I debated for a long time before I was finally like, this is silly, it’ll be fine. And it has been a really fun experience, and I’m so glad I did it.

What were those first few weeks like afterwards?

It was very overwhelming at the start. That first month was a real whirlwind, a whole month of running from interview to interview and making appearances.

The voice-over business is so completely different now. I have had my own booth since 1996. We don’t get a chance to interact with people all that much. We’re often isolated in our little booths, working via ISDN or Source Connect. We’re not actually in the studio with the other talent the way we used to be. So I thought, at the very least, if I come out as the voice of Siri, there will be something different going on and I can talk to people.

Of all the appearances you did – David Letterman, Queen Latifah, CNN – were there any that were especially memorable?

I did some appearances at tech conferences. At one of them I met Steve Wozniak. Most people don’t know that name as well as they know Steve Jobs, but the irony is that Wozniak actually built the first Apple computer.
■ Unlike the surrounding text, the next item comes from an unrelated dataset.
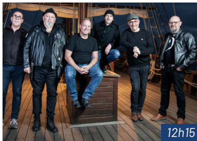
CAPSTERN Chants de marins

He’s an absolute genius and just a wonderful person.

When I was appearing at this tech conference, I was going to be there a day before him. And then I was told: well, we don’t have too much extra money to pay you, but could you stay the next day and introduce Steve Wozniak? And I said, oh, I’d love to! So I had a chance to meet him, and he’s just a wonderful, great guy. So that was probably the most memorable experience for me.

What is your relationship like with Apple? 

Apple has been notoriously silent about all of this. In fact, they changed all of the original Siri voices with OS 7. My voice is no longer on the newer phones. I’ve been in touch with some of the other original Siri’s, and our feeling is that we were replaced because we didn’t have non-disclosure agreements. And we didn’t have those because originally Apple had nothing to do with what we had done.

I like to say that I’m “Siri Classic” or “Steve Jobs’s Siri.”

What other projects have you worked on?

I live in Atlanta, and most of the work I’ve done has been regional stuff. Back in the day I did a lot of commercials for Coca Cola, McDonalds, Papa John’s, IBM, just about any company that you can think of because I’ve been in the business for a really long time. I’m also the voice of Delta Airlines gates worldwide. In the past decade, I’ve mostly been doing narrations and eLearning projects.

I saw that you and your husband are in a band?

We had a private events band for 25 years. We had the same four people for 20 years, and then people started dropping off and doing other things. At this point in time, that band is not really in existence, but we have a new band called Boomers Gone Wild. We play 60s and 70s music, and it’s really fun.

What’s next for you?

I don’t know. Part of voice-over work  is to audition, and I audition all the time like everyone else. I have a couple of projects coming up this summer, but I don’t like to talk about them because I don’t like to talk about things that aren’t a sure bet.


**Five rapid fire questions**

Do you own an iPhone? Yes. I don’t use Siri. I don’t listen to audiobooks either, and I don’t listen to talk radio. Maybe it’s because I’ve been doing voice-over work for so many years that there’s too much talk. If I’m listening to anything, it’s always music.

If you could have one word tattooed on your arm, what would it be: Persistence

Did you see the movie Her? Yes. I had mixed feelings about it. I thought it was visually interesting, I thought the acting was really great, but it was too long for me. And all of this technology that is making its way towards artificial intelligence is a little disturbing.

4 favorite bands of all time: The Rolling Stones, The Beatles of course, Bonnie Raitt, Eric Clapton

Best piece of advice you’ve ever received: Well, it goes back to being persistent. Don’t give up. It’s really tough in today’s culture because so many people are trying to do the same thing, and it’s very competitive. But if it’s something you really want to do and really believe in, you just have to keep going.